GIVEN ENTRIES ▸
++++++

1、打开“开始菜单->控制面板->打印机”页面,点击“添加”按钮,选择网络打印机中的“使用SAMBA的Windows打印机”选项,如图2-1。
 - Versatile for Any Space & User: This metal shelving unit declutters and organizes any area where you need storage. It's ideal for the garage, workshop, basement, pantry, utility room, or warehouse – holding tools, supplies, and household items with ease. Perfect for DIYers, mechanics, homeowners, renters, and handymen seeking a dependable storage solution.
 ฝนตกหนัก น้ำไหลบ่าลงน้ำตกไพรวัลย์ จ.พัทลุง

++++++

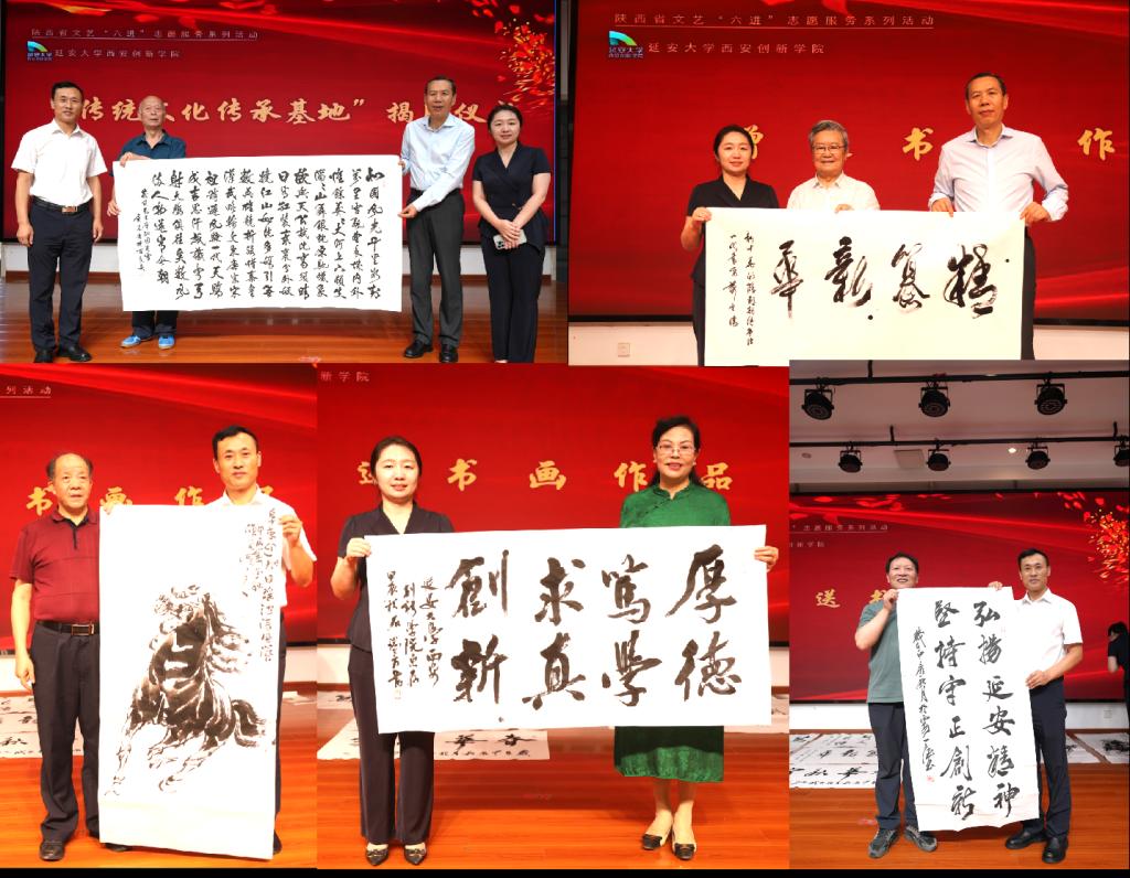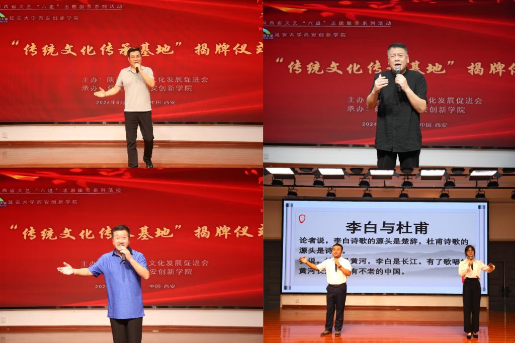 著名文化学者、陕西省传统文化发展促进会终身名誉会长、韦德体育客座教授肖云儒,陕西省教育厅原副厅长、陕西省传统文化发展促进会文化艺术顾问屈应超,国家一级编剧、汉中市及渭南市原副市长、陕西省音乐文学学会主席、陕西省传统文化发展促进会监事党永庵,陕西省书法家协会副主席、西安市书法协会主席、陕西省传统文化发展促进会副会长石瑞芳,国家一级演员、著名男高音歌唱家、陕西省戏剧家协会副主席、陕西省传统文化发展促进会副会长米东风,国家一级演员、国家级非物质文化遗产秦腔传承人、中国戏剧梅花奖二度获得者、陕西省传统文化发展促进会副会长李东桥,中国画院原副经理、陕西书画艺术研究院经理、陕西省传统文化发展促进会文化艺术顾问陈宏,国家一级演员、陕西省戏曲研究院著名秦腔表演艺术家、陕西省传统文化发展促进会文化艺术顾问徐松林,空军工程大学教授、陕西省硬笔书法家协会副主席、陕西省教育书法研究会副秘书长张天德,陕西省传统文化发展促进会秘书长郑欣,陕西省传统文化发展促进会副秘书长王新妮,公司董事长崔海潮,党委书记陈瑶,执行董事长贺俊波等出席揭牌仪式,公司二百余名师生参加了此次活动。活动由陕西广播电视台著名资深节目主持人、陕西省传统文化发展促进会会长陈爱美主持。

++++++

WORK INSTRUCTIONS ▸
Output only an exact transcription of the lines above from the one with "- Versatile for" up to and including the one with "ฝนตกหนัก น้ำไหลบ่าลงน้ำตกไพรวัลย์ จ.พัทลุง".

EXERCISE SOLUTION ▸
 - Versatile for Any Space & User: This metal shelving unit declutters and organizes any area where you need storage. It's ideal for the garage, workshop, basement, pantry, utility room, or warehouse – holding tools, supplies, and household items with ease. Perfect for DIYers, mechanics, homeowners, renters, and handymen seeking a dependable storage solution.
 ฝนตกหนัก น้ำไหลบ่าลงน้ำตกไพรวัลย์ จ.พัทลุง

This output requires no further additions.